2. Inserimento dell'endoscopio

  1. Espandere gradualmente il muscolo vertebrale e la fascia utilizzando l'estensore dei tessuti molli (vedi Tabella dei materiali). Quindi, inserire il manicotto di lavoro da 10 mm con una bocca obliqua. Verificare la posizione del manicotto di lavoro con la fluoroscopia (Figura 3).
  2. Introdurre il sistema chirurgico endoscopico (angolo di visione di 15°, diametro esterno 10 mm, diametro del canale di lavoro di 6 mm e lunghezza di lavoro 125 mm) ed eseguire tutti i passaggi successivi sotto irrigazione costante con visualizzazione endoscopica.

3. Procedura chirurgica

  1. Nella visualizzazione endoscopica ad alta definizione, sezionare il tessuto molle dall'osso ed eseguire l'emostasi utilizzando la sonda a radiofrequenza (vedere Tabella dei materiali). Confermare la presenza di importanti strutture anatomiche, tra cui la metà inferiore della lamina L4 sinistra, la faccetta articolare sinistra, il 1/3 superiore della lamina L5 sinistra, la base del processo spinoso di L4 e L5 e il legamento flavum proliferativo all'interno della finestra interlaminare lombare 4-51.
  2. Iniziare la decompressione ossea omolaterale, partendo dalla lamina L4. Rimuovere la parte inferiore della lamina L4, la parte mediale del processo articolare L4-5 e il bordo superiore della lamina L5 utilizzando una fresa diamantata endoscopica da 3,5 mm, trefina e Kerrison Rongeur (vedi Tabella dei materiali).
    1. Utilizzare la trefina endoscopica di 5 mm di diametro (vedi Tabella dei materiali) per rimuovere efficacemente il processo articolare inferiore L4, che è circondato da capsula articolare e legamento. Separare e rimuovere lo strato superficiale del legamento flavum dallo strato interno con un rongeur.
      NOTA: Mantenere in posizione lo strato interno del legamento flavum, poiché è strettamente attaccato alla superficie interna della lamina e al bordo mediale del processo articolare superiore L5.
    2. L'obiettivo della decompressione della lamina in questa fase è quello di esporre i margini liberi cefalici e caudali dello strato profondo del legamento flavum.
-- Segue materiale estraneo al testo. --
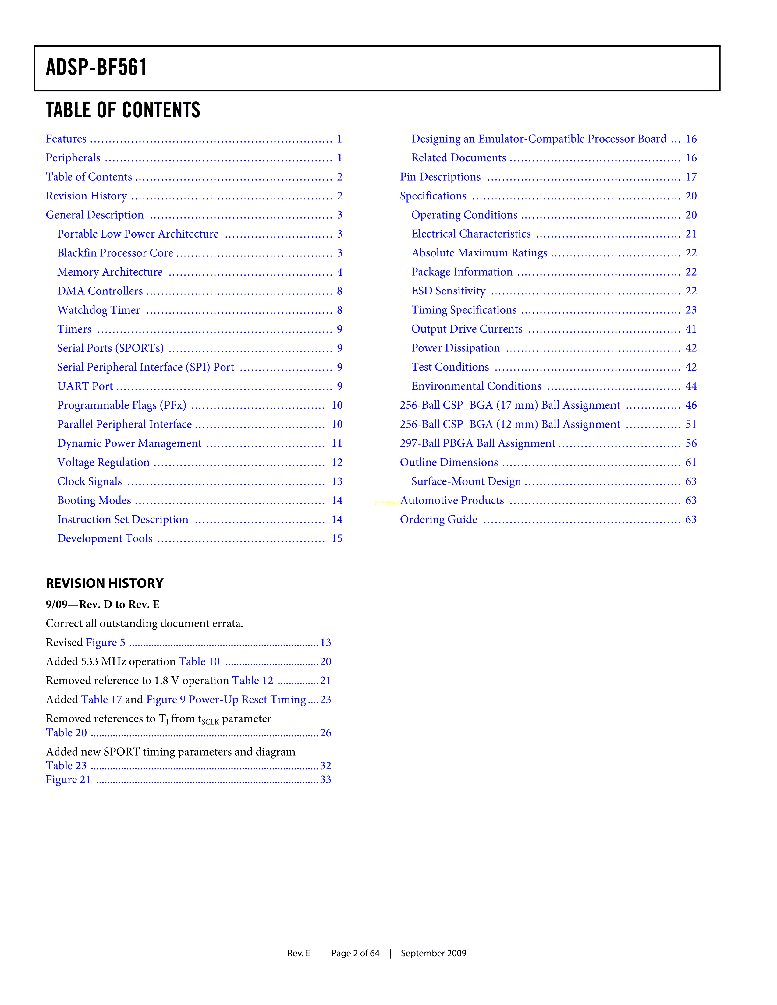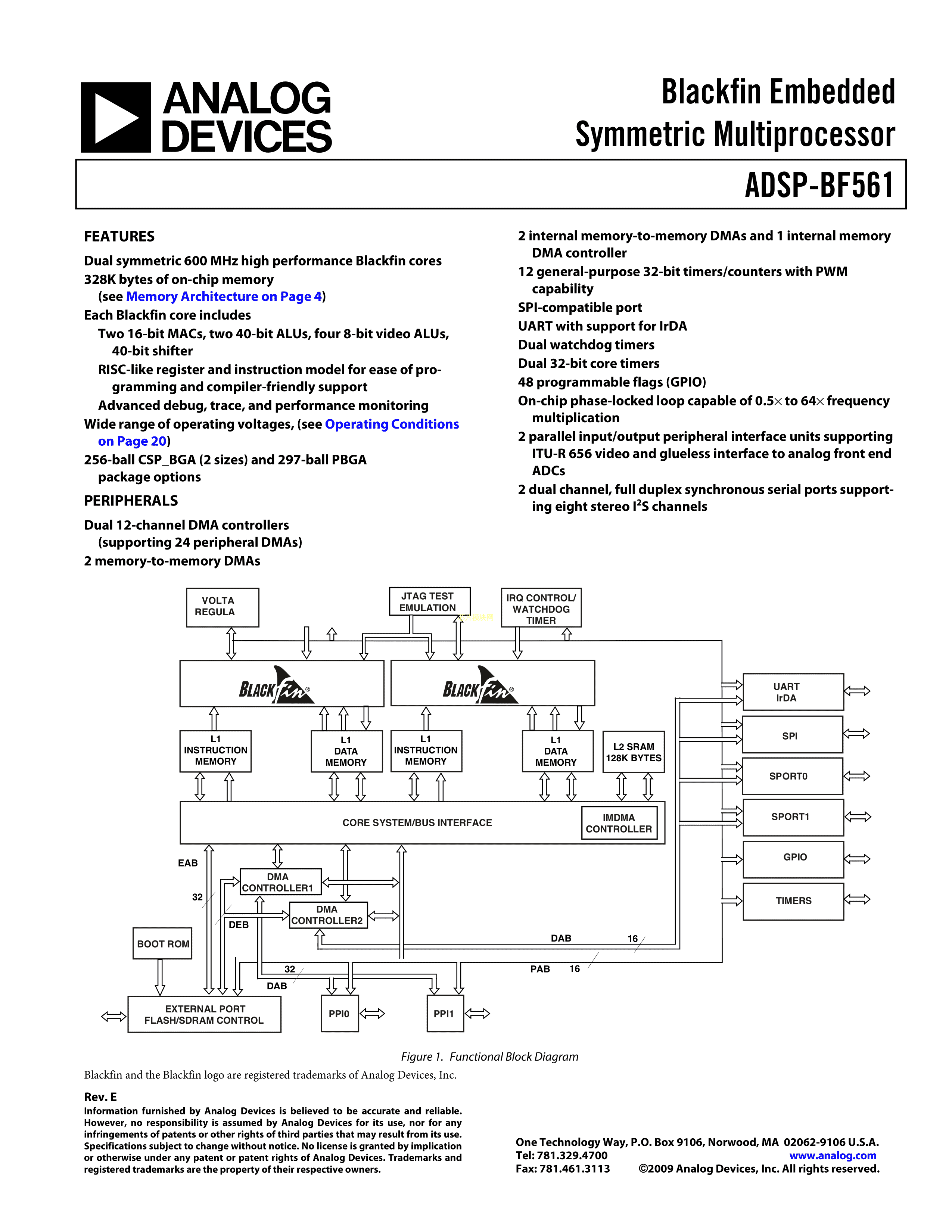 ADSP-BF561SKBZ600数据手册BGA-297封装ADI(亚德诺)-LINEARPDF规格
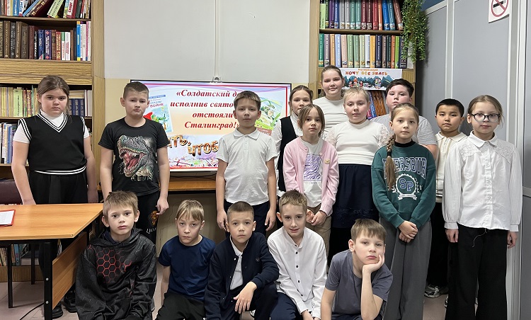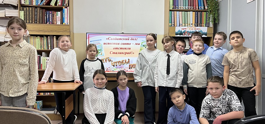 К этой дате в библиотеке посёлка Пеледуй был проведён урок мужества «Солдатский долг исполнив свято – мы отстояли Сталинград!» для учащихся третьих классов. Библиотекари рассказали учащимся, что Сталинградская битва — одно из крупнейших сражений Великой Отечественной войны. Ребята узнали о мужественных защитниках Сталинграда, которые защищали каждую улицу, каждый дом. Дети узнали о подвиге Героя Советского Союза Якова Павлова, о подвиге бесстрашного красноармейца М. Паникахи, о Мамаевом Кургане. После просмотра презентации ребята слушали рассказы С. Алексеева: «33 богатыря» и «Ни шагу назад»

Tagliare il bordo mediale del processo articolare superiore L5 per liberare il margine laterale del legamento flavum.
  3. Procedere con la decompressione ossea controlaterale, partendo dalla base del processo spinoso di L4. Radere la base del processo spinoso per creare spazio sufficiente, facilitando l'inserimento della cannula di lavoro (diametro del canale di lavoro di 6 mm e lunghezza di lavoro 125 mm) verso il lato controlaterale.
    1. Lucidare la parte inferiore controlaterale della lamina L4 dalla superficie interna per esporre il margine libero cefalico del legamento flavum.
    2. Allo stesso modo, radere la base del processo spinoso L5 e rimuovere il bordo superiore della lamina L5 per esporre il margine libero caudale del legamento flavum. Staccare il margine laterale controlaterale del legamento flavum dal processo articolare superiore controlaterale L5.
    3. Rimuovere la parte mediale del processo articolare superiore L5 utilizzando una fresa diamantata e/o Kerrison Rongeur.
  4. Dopo aver completato la decompressione ossea e aver rilasciato gli attacchi del legamento flavum, rimuovere il legamento flavum in blocco o in modo frammentario.
  5. Rimuovere lo strato interno del legamento flavum al termine dell'operazione. Questo passaggio aiuta a proteggere gli elementi nervosi durante l'osteotomia e riduce l'offuscamento della vista causato dall'emorragia epidurale.
  6. Esplorare entrambi i recessi laterali per garantire una completa decompressione dei nervi trasversali bilaterali. Se necessario, eseguire un'ulteriore decompressione del legamento flavum e delle sue strutture ossee attaccate utilizzando Kerrison Rongeur endoscopico.
  7. Concludere la procedura quando la dura madre e le radici nervose trasversali bilaterali sono libere. Eseguire un'emostasi attenta utilizzando la radiofrequenza endoscopica bipolare. Chiudere l'incisione cutanea con uno o due punti di sutura (circa 1 cm).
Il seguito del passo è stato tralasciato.